Aim of the task: Give the listing again word for word. Leave every image out.

Data provided:
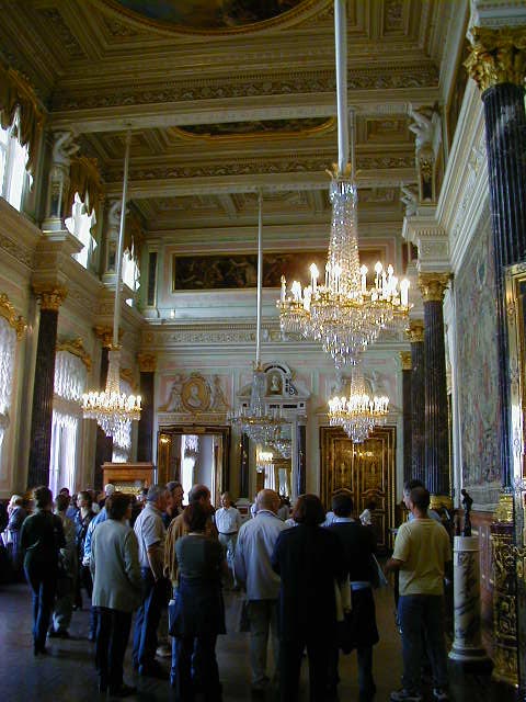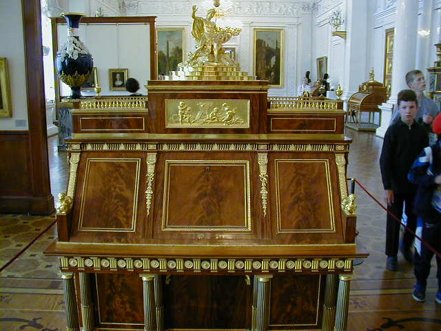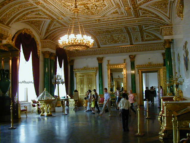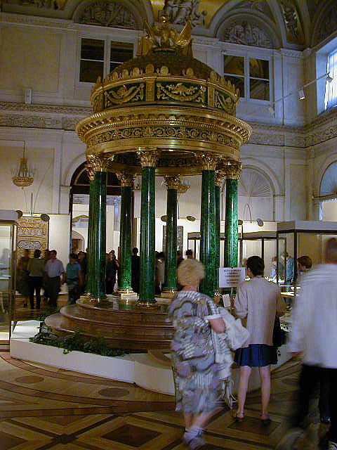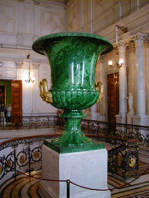 For those of you not up on minerals, lapis lazuli and malachite are semi-precious stones normally used in jewelry. The columns and giant vases here are not solid lapis and malachite, but are made by gluing thin pieces of stone on top of another material. They economized a little; nonetheless I've never seen such an extravagant use of these stones.
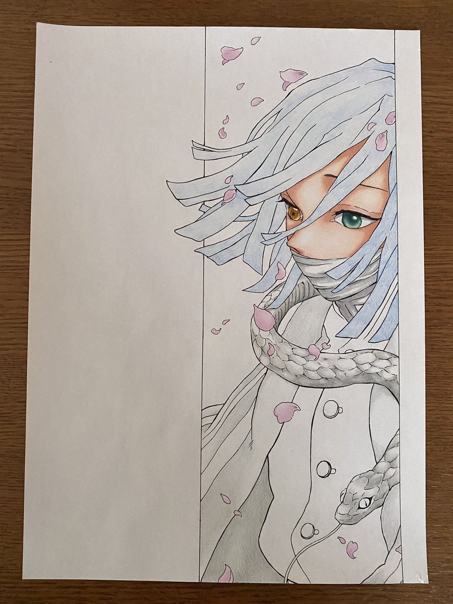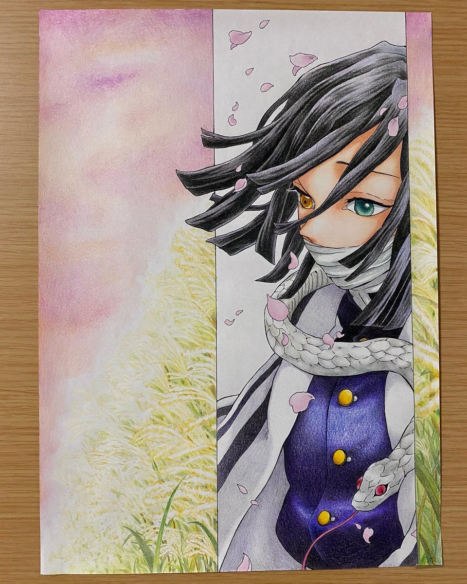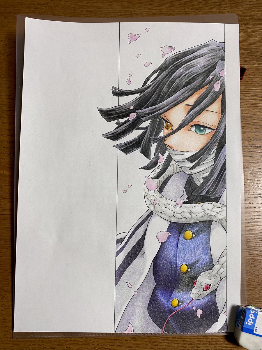 44枚目の鬼滅の刃イラスト、コミック最終巻の伊黒さんが完成✨🍀 出かける予定だったのが家になったので、昨日の今日で完成 ネチネチしているけど、一途で、柱としての責務を全うする姿はカッコいい☺️🐍 #鬼滅の刃イラスト #アナログイラスト #色鉛筆イラスト #模写 #伊黒小芭内
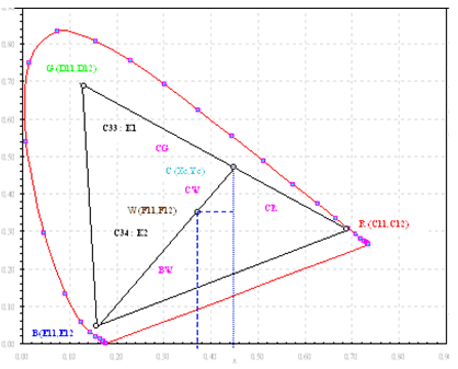 這是需要明確的一點是,混合色的色品座標與已知色的色品座標之間沒有線性疊加的關系,而混合色的三刺激值與已知色之間存在著線性疊加的關系。因此,在顏色相加混合計算中總是先計算三刺激值,再求色品座標。
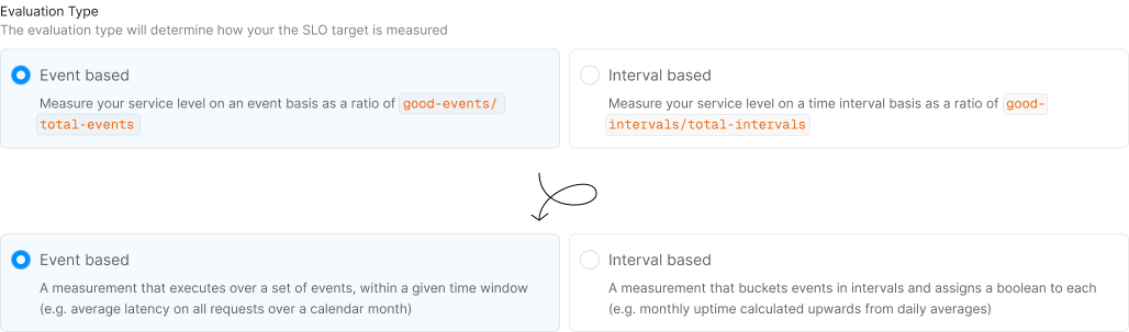 Added clarity on SLO evaluation types: Instead of telling users the formula of different SLO evaluation types (which we understand ended up creating more confusion), we have updated these cards to describe how the two evaluation types behave

Solved problem:
 For those of you not up on minerals, lapis lazuli and malachite are semi-precious stones normally used in jewelry. The columns and giant vases here are not solid lapis and malachite, but are made by gluing thin pieces of stone on top of another material. They economized a little; nonetheless I've never seen such an extravagant use of these stones.
 44枚目の鬼滅の刃イラスト、コミック最終巻の伊黒さんが完成✨🍀 出かける予定だったのが家になったので、昨日の今日で完成 ネチネチしているけど、一途で、柱としての責務を全うする姿はカッコいい☺️🐍 #鬼滅の刃イラスト #アナログイラスト #色鉛筆イラスト #模写 #伊黒小芭内
 這是需要明確的一點是,混合色的色品座標與已知色的色品座標之間沒有線性疊加的關系,而混合色的三刺激值與已知色之間存在著線性疊加的關系。因此,在顏色相加混合計算中總是先計算三刺激值,再求色品座標。
 Added clarity on SLO evaluation types: Instead of telling users the formula of different SLO evaluation types (which we understand ended up creating more confusion), we have updated these cards to describe how the two evaluation types behave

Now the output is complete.